HACİVAT – Canım fena bir şeyi mi söyledim?
KARAGÖZ – Köftehor, “Sen köpek yemişsin!” dedin ya!…
HACİVAT – Efendim hiç öyle söyler miyim? Yani göbek yapmışsın diyorum.
KARAGÖZ – Ne zaman börek yapmışsın?…
HACİVAT – Allah iyiliğini versin, hemen saçmalamaya başladın!
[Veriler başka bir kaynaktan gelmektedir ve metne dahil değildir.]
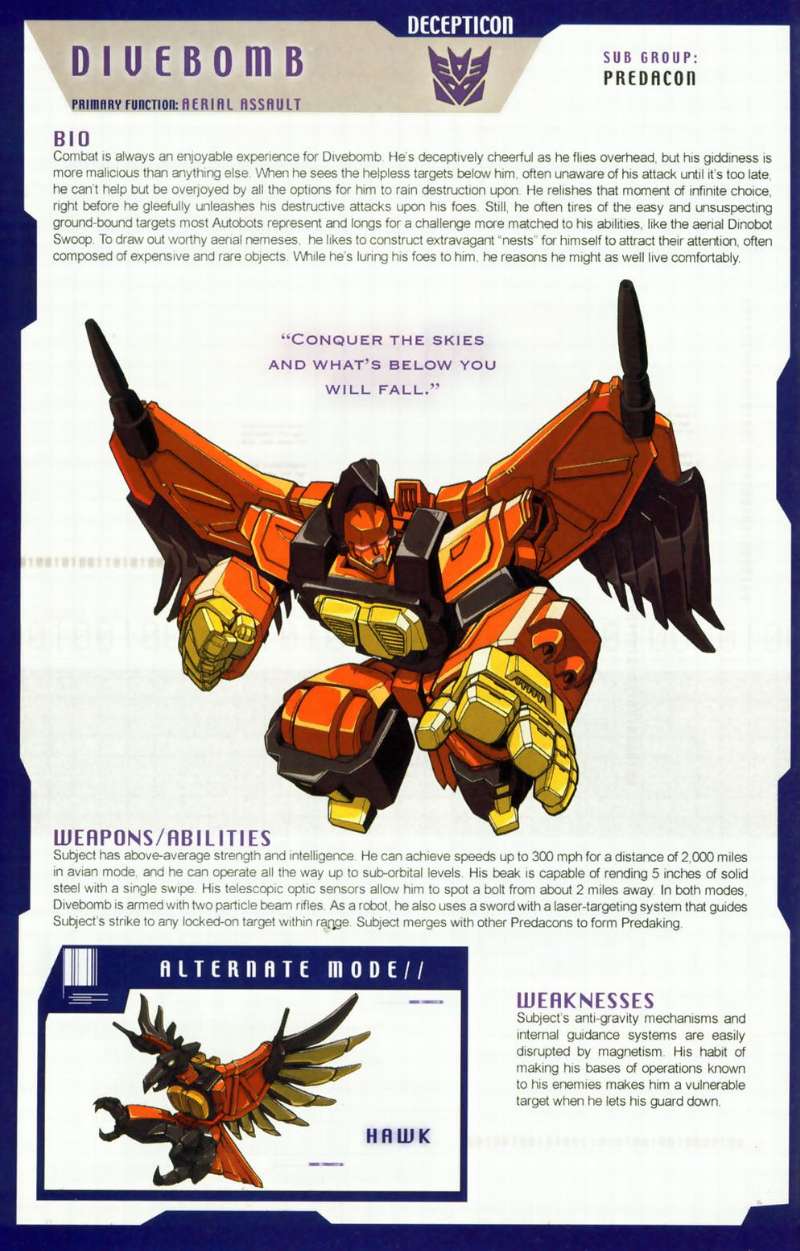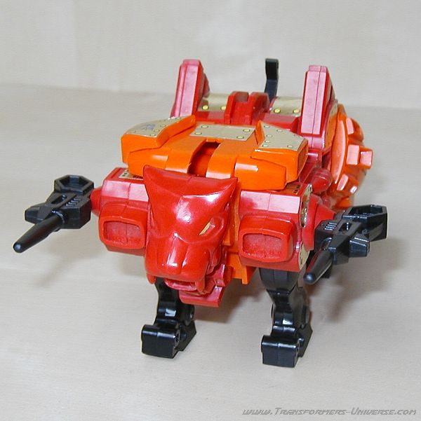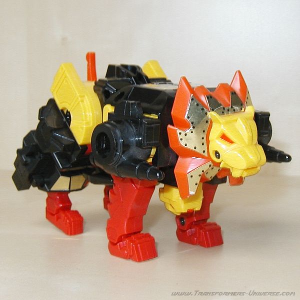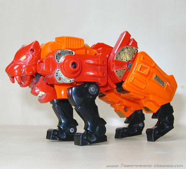 Biest Modus: Die Predacons verwandeln sich in fünf unterschiedliche Tiere. Razorclaw wird zum Löwen, Divebomb zum Falken, Headstrong zum Rhinozeros, Rampage zum Tiger und Trantrum zum Stier. Streng genommen sind natürlich nur drei davon tatsächlich 'Predators' (Raubtiere), aber alle fünf bilden ihren jeweiligen Tiermodus ziemlich gut ab. Negativ fällt hier eigentlich nur Divebomb auf, dessen Falkenmodus eigentlich genauso aussieht wie sein Robotermodus, nur das er die Beine einklappt. Trotzdem, alle fünf sehen hier ziemlich gut aus, ganz besonders Razorclaw und Rampage, da sie am besten detailliert sind (Schwänze, bewegliche Kiefer, etc).

Kilo almışsın…
KARAGÖZ – Bizde terazi yok ki, kilo alıp ne yapayım?
HACİVAT – Nasıl anlatmalı?… Şişmanlamışsın!…
KARAGÖZ – Öyle söylesene! Hay hay!…
HACİVAT – Nasıl da farketmemişim? Çok kilo almışsın!
KARAGÖZ – Köftehor, başka türlü geçinebilir miyim?
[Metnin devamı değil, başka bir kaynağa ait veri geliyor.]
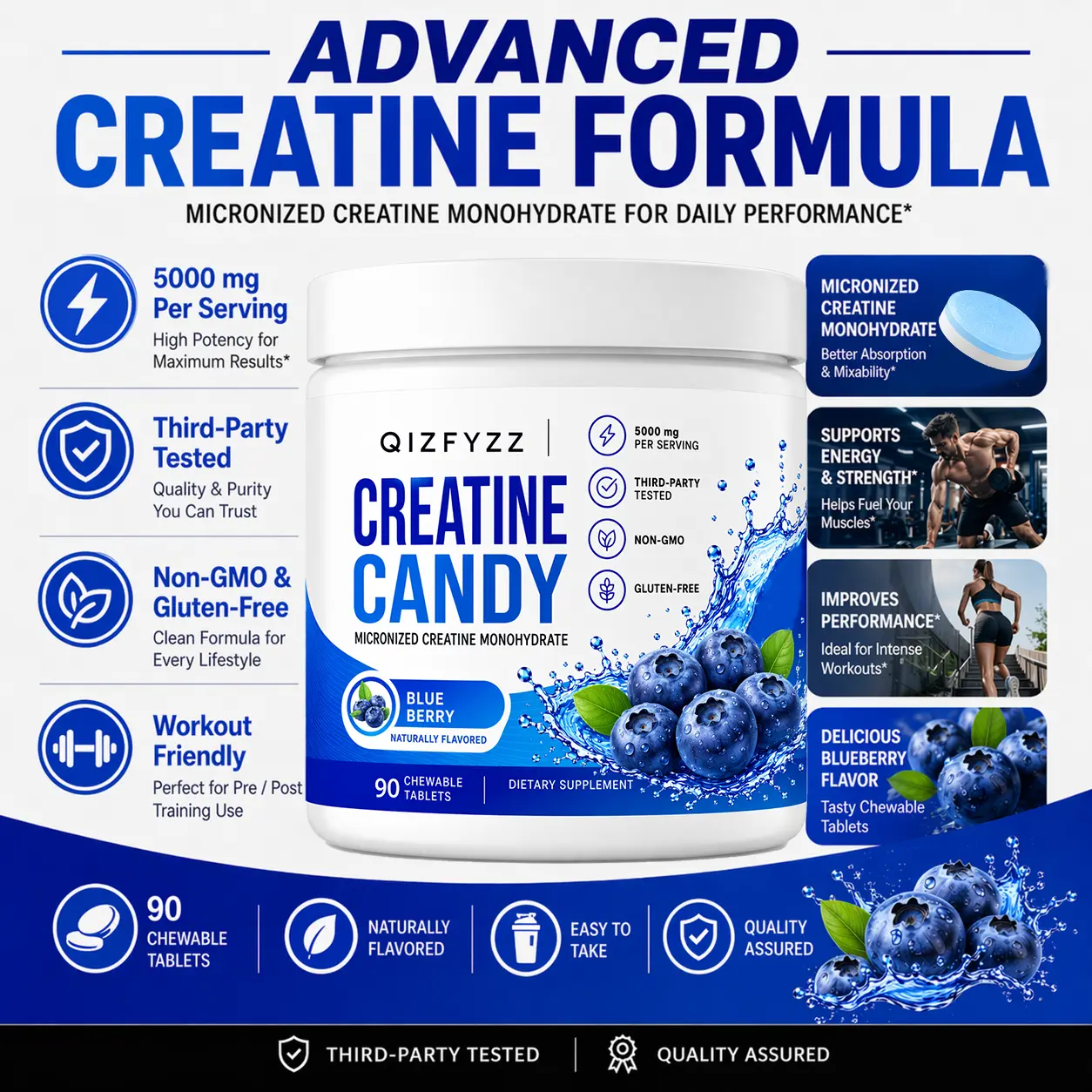 Creatine Chews 5000mg – Blueberry Flavor | Micronized Creatine Monohydrate, 90 Chewable Tablets | Energy, Strength & Workout Performance | No Mixing Required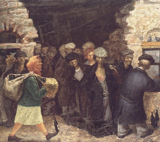 04. «Бульварная сцена». Тут изображены дядьки, которые пьют горькую прямо где-то на заснеженном бульваре. На заднем плане можно увидеть дворничиху (кстати, советский феминитив), убирающую снег.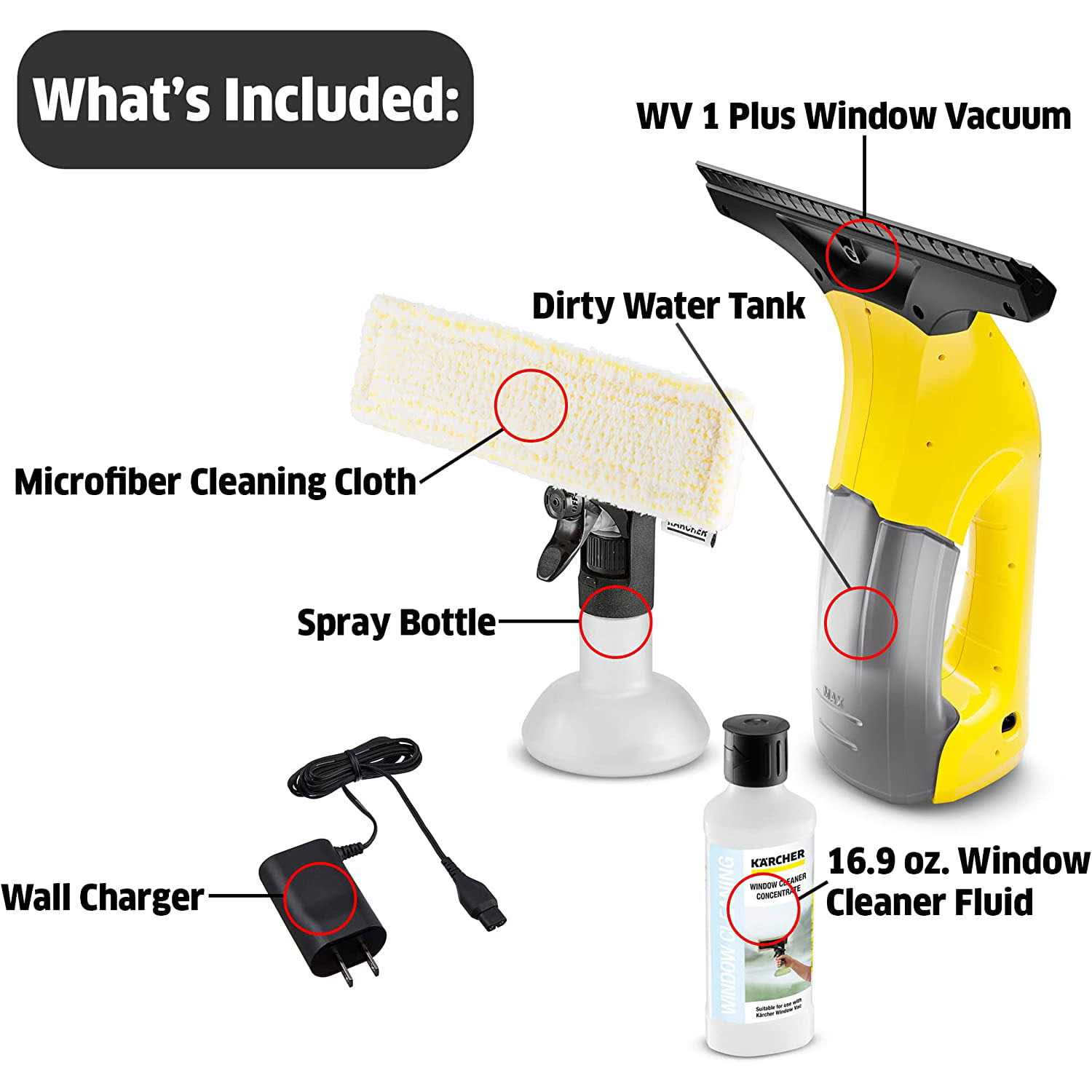The WV1 (Plus) Surface Cleaner provides fast, drip-free, streak-free cleaning. Lightweight at 1.1 lbs, the WV1 eliminates paper towels and cleans any smooth surface in the home. Great for windows, mirrors, shower tile and doors, countertops, and vehicles. Includes Window Vac and spray bottle with washable microfiber pad. Karcher

HACİVAT – Canım, Ramazan’da kilo almanın geçinmekle ne alâkası var anlayamadım?
KARAGÖZ – Anlayamayacak ne var? Her akşam birkaç iftira, her gece birkaç sahura gidiyoruz ya, tabii bir ayda yirmiiki kilo şişmanlıyorum.
HACİVAT – Allah Allah?…
KARAGÖZ – Sonra da parasızlıktan Ramazan sonrası on bir ay akşam yemekleri ile idare ettiğim için ayda iki kilo zayıflayıp, gelecek Ramazan’a kadar idare ediyorum.
HACİVAT – Allah iyiliğini versin! Bırak şakayı ama Karagöz’üm, şişmanlık iyi değil! çeşitli hastalıklara sebep olur.
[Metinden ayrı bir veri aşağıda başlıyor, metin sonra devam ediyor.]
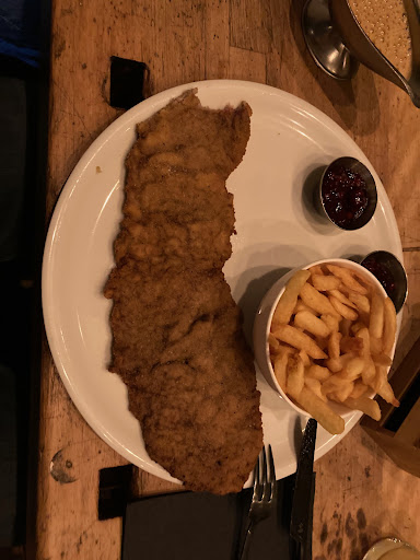 Ich wählte das Wiener Schnitzel, das einfach perfekt war – zart, goldbraun gebraten und begleitet von einer hausgemachten Bratensauce. Ein echter Genuss! Der dazu gereichte Salat war eine wahre Überraschung: Frisch, raffiniert und mit eingelegtem saurem Rettich, den ich so in dieser Form noch nie probiert hatte. Die Kombination war außergewöhnlich und einfach hervorragend mit hausgemachtem Dressing.

KARAGÖZ – Hay hay!… Sen şimdi bırak şişmanlığı da Hacı Cavcav, aklıma bir bilmece geldi.
HACİVAT – Hatırın kalmasın, sor bakalım?
KARAGÖZ – Ama bilemezsen bize iftara geleceksiniz!
HACİVAT – Anlayamadım? Öyle şey olur mu?
KARAGÖZ – Pataklarım ha, bal gibi olur!
HACİVAT – Bilmeceyi bilirsem, siz bize iftara geleceksiniz? Ters oldu ama sor bakalım?
KARAGÖZ – Ters sensin! İyi dinle!… Bugün hangi gün?
HACİVAT – Canım bırak bugünü de sen şu bilmeceyi sor bakalım?
KARAGÖZ – Köftehor, sordum ya!…
HACİVAT – Allah Allah, ne zaman sordun? “Bugün hangi gün?” dedin o kadar…
KARAGÖZ – İyi ya, işte o bilmece idi.
HACİVAT – Efendim öyle bilmece olur mu? çocuklar bile cevabını hemen verir. Bugün hangi gün olacak? Sen de biliyorsun ki Cumartesi…
KARAGÖZ – Bilemedin Hacı Cavcav!…
HACİVAT – Hah hah hah, haydi Pazar olsun!
KARAGÖZ – Düşün de öyle cevap ver!
HACİVAT – Düşünecek ne var? Cumartesi, Pazar olmazsa… Pazartesi, Salı, Çarşamba, Perşembe…
KARAGÖZ – İyi düşün de sonra mızıkçılık yapma!
HACİVAT – Kaldı bir gün… Bildim, Cuma!…
KARAGÖZ – Bilemedin!…
HACİVAT – Allah Allah?… Pekâlâ bilemedim, cevabını sen söyle bakalım!
KARAGÖZ – Köftehor, bugün Ramazan günü…
HACİVAT – Birâder böyle bilmece olur mu? sen uydurdun!
KARAGÖZ – Baştan kabul etmeseydin!
HACİVAT – Haklısın ama bana doğru dürüst bir bilmece soracaksın zannettim. Ne olacak şimdi?…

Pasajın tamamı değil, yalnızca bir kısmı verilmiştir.